XL2720Zは,日本でも発表済みの「XL2420Z」と同じ仕様で,パネルサイズだけ大きいという製品だ。あるいは,「XL2720T」の144Hz表示対応後継モデルという見方も可能だろう。1920×1080ドット解像度で,中間調応答速度1ms,垂直リフレッシュレート144Hz対応のTN型液晶パネルを採用し,XL2420ZやXL2720Tと同じく,FPS向けディスプレイと位置づけられている。
入力インタフェースは,DisplayPort×1,Dual-Link DVI-D×1,HDMI(Type A)×2,アナログRGB(D-Sub 15ピン)。
すでに北米や欧州では発売済みなので,日本における発売時期が気になるところだが,BenQのスタッフいわく「検討中ではある。しかし,具体的なスケジュールを話せる段階ではない」とのことだった。
もうひとつ,ゲーマー向けではないが,4Kディスプレイの新製品も展示されていたので紹介しておこう。
「BL320IPT」と名付けられたそのディスプレイは,32インチサイズで解像度3840×2160ドットのIPS液晶パネルを採用した製品で,「CAD/CAM向けディスプレイ」に位置づけられている。
BL320IPTでアピールされているのは,sRGB色域カバー率が100%であること。筆者は先にAcerやASUSTeK Computerの32インチ4K液晶ディスプレイをレポートしているが(関連記事),それらと仕様はよく似ているので,同種の液晶パネルを採用した製品ではないかと思われる。
本製品が「デザイン業務向け」ではなく,あえて「CAD/CAM向け」」となっているのは,前出の「格闘ゲーム向け」と同じ発想によるものだ。要は,CAD/CAMの線画表示に適するという画質モードが用意されているのである。具体的には,暗部を極端に締めて,原色を鋭く立ち上げた,超ハイコントラストな画質になる。
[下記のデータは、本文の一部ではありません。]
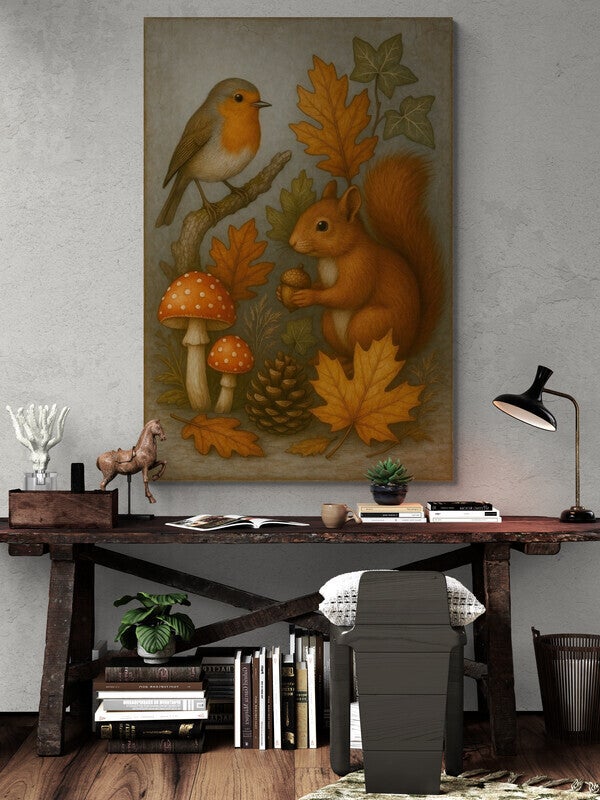 Een warm en sfeervol schilderij in landelijke stijl waarin een nieuwsgierige eekhoorn met een eikel in zijn pootjes centraal staat. Naast hem zit een roodborstje op een tak, omringd door paddenstoelen, dennenappels en kleurrijke herfstbladeren. De oude rand en klassieke afwerking geven dit kunstwerk een nostalgische uitstraling die prachtig past in een landelijk interieur. Een tijdloos stilleven dat de schoonheid van de herfst naar binnen haalt.

CAD/CAM図面では純色の線画が複雑に交叉して各線が見にくくなるため,線分表現を際立たせて見せるニーズがあることを知って,そうした声に応えたのだとか。
なお,これもBenQのゲーマー向けディスプレイからアイデアを得たものだと思われるが,OSDメニューを操作するためのリモコンが用意されているのも,BL320IPTが持つ特徴のひとつとなる。このリモコンを手元で操作することにより,好みの画質設定を読み出したりできるというわけだ。
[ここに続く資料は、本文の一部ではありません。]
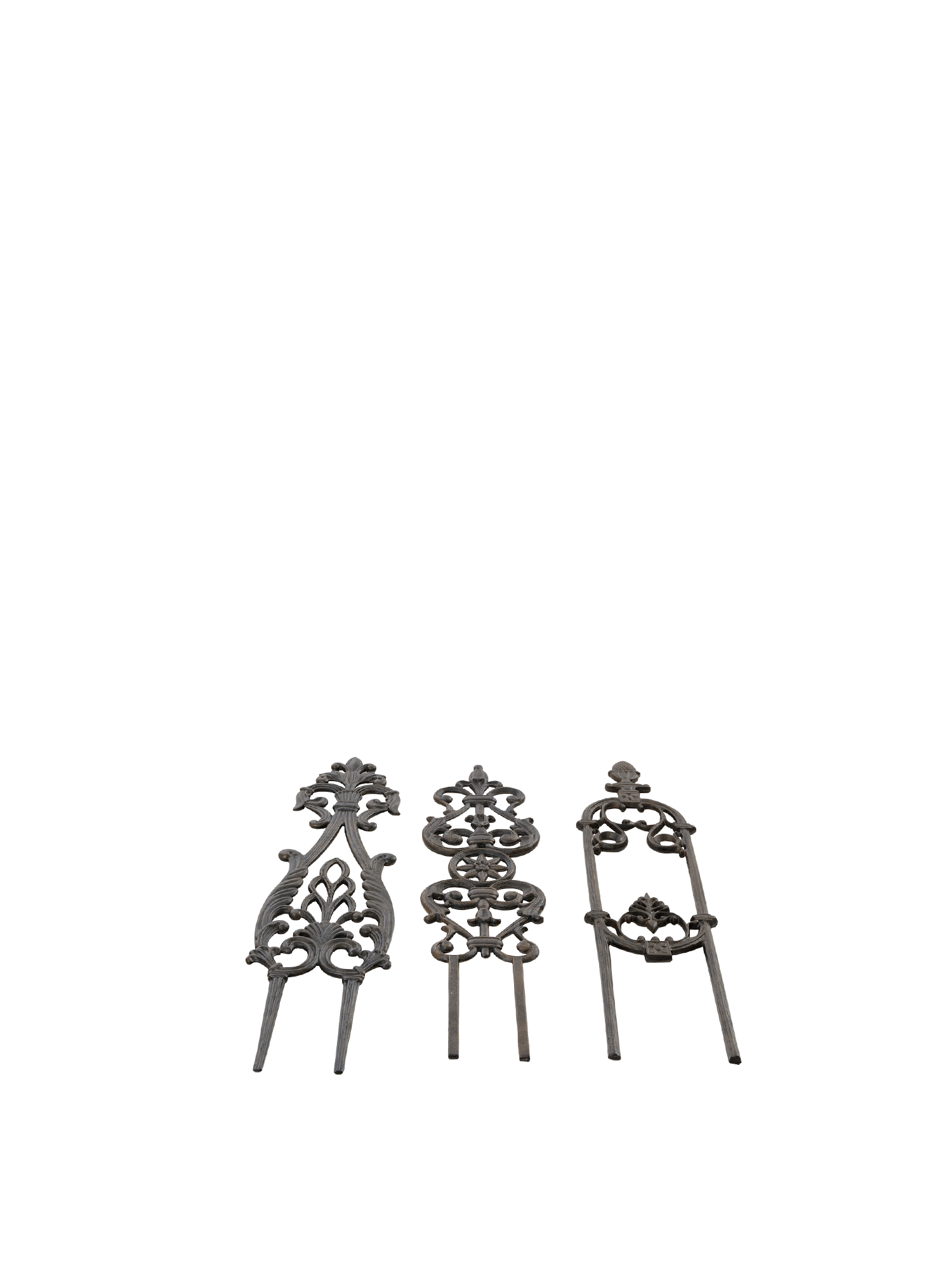 The ornaments of fast-rusting iron are an attractive support for flowering plants.

入力インタフェースはDisplayPort,mini DisplayPort,Dual-Link DVI,HDMI 2.0,HDMI 1.4が各1系統ずつ。USBハブ機能も搭載されている。
世界市場では,2014年9月に発売予定で,価格は未定。日本での発売は検討中という。
BenQは,G-SYNCの発表時にNVIDIAのパートナーとしてその名が挙がっていた企業だ(関連記事。つまりG-SYNCには前向きだったはずなのだが,ここに来ての突然のトーンダウンは,もしかすると,業界団体であるVESAが最近になって発表した「Adaptive-Sync」の存在が影響しているのかもしれない。